Bientôt à la tête de la Force publique, le chef de corps des sapeurs pompiers de Monaco « ferme un livre » en quittant sa caserne mais compte poursuivre ses réformes structurelles et humaines

Publié le 10/09/2018 à 05:28, mis à jour le 10/09/2018 à 05:28
« Je n'étais pas du tout programmé pour venir à Monaco. »
« Je n'étais pas du tout programmé pour venir à Monaco. »

Il est né dans les Pyrénées-Orientales mais ce n'est pas un ours. Il a son caractère - indispensable à sa fonction - mais ne griffe qu'en cas d'extrême recours. Après 32 ans de service, dont 25 années dans le corps des sapeurs-pompiers de Monaco ponctuées de 10 ans de commandement, le colonel Tony Varo s'apprête à mettre son sens du devoir et du management, ainsi que ses idées, directement au service du prince Albert II.

Le 17 septembre prochain, il suppléera le colonel Fringant au poste de Commandant supérieur de la Force publique. « Si je connais parfaitement le corps des pompiers, je connais moins celui des Carabiniers. Je pars avec quelques zones d'ombre à éclaircir mais je remettrai une feuille de route au souverain pour travailler en bonne intelligence. »
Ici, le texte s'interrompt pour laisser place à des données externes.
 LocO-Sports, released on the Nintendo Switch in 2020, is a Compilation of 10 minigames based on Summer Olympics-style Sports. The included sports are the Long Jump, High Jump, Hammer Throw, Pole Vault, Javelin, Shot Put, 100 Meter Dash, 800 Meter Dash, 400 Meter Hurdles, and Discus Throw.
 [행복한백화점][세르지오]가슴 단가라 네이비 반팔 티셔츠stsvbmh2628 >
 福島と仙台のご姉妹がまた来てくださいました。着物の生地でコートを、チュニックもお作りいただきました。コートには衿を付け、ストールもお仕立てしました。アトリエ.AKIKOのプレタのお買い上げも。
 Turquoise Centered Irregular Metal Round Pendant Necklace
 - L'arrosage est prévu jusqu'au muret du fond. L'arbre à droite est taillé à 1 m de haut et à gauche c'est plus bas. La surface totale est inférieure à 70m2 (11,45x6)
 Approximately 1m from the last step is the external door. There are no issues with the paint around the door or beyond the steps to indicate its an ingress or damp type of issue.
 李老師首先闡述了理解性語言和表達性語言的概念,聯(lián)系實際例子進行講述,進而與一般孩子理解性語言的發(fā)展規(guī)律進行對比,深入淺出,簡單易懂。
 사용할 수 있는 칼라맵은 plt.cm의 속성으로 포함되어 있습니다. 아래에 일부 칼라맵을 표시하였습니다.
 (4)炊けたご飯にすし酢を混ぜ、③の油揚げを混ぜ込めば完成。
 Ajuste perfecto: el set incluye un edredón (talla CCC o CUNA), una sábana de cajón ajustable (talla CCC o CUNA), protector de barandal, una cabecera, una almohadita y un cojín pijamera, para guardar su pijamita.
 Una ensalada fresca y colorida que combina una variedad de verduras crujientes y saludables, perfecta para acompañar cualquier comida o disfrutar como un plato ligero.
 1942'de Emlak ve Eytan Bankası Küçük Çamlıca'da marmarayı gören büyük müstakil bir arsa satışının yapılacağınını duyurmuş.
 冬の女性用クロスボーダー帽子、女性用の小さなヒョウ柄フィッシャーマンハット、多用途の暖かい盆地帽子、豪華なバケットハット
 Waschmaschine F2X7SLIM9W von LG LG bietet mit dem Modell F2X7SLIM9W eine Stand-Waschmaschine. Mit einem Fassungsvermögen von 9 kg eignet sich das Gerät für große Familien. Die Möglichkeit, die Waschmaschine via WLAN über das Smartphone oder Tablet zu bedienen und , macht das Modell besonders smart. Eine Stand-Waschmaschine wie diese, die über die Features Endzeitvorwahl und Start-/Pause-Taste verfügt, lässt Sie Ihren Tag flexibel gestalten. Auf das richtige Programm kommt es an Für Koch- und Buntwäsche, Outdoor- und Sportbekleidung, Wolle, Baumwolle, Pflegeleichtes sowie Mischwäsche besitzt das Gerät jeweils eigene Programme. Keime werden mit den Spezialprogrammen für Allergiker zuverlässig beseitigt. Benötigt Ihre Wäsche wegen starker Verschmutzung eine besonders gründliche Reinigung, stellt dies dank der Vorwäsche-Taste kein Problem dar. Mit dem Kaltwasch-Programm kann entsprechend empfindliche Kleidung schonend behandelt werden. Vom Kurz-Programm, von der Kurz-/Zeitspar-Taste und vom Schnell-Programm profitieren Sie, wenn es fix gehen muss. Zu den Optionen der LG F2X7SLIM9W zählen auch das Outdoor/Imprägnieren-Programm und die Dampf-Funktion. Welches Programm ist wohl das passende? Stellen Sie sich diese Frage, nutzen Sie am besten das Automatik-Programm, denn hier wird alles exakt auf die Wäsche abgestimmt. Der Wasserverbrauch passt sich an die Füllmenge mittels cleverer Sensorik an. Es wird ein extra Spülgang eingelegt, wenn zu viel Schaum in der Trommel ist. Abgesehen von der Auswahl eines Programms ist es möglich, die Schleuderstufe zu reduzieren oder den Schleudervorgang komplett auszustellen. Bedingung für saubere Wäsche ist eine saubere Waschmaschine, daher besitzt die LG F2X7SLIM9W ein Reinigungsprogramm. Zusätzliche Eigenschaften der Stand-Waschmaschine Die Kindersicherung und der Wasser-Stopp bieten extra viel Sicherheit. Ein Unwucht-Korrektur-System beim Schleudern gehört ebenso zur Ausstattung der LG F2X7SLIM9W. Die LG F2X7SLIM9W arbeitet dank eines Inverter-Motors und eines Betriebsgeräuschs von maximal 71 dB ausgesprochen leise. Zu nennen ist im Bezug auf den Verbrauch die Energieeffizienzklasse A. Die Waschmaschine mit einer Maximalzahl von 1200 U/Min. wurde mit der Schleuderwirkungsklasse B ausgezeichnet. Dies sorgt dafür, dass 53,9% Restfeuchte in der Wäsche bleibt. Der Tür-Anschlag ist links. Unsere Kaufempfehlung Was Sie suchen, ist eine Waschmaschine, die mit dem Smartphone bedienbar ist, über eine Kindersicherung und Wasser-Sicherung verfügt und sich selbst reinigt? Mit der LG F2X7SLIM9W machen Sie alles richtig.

À 52 ans, le gamin de Le Soler, « village-dortoir » à proximité de Perpignan, se voit récompenser d'un engagement devenu sacerdoce précocement. « Lorsque j'avais 11 ans, le maire a eu l'idée merveilleuse de faire venir à la Fête du village une section des petits pompiers de la région parisienne. Ils ont fait des démonstrations de manœuvres et de gymnastique… »

 

« J'ai eu des guides bienveillants »

En Occitanie, pays de l'ovalie, le petit Tony canalise alors ses premières ardeurs sur le pré. Mais cette soirée du 4 août1977 marque un tournant… « Le maire a annoncé qu'il voulait créer une section similaire à Le Soler. Une souscription a été lancée et 90 jeunes se sont portés volontaires. 60 ont été retenus et je suis devenu "jeune cadet".» Un cadet d'emblée propulsé chef d'une caserne virtuelle lors des exercices de formation. Tony passe l'équivalent du PSC1, valide des connaissances sur le matériel incendie et les manœuvres, participe aux défilés militaires et, surtout, découvre des valeurs et méthodes méconnues dans sa famille. Jusqu'à l'inéluctable « évidence » : « J'ai dit à mes parents que je voulais devenir pompier. »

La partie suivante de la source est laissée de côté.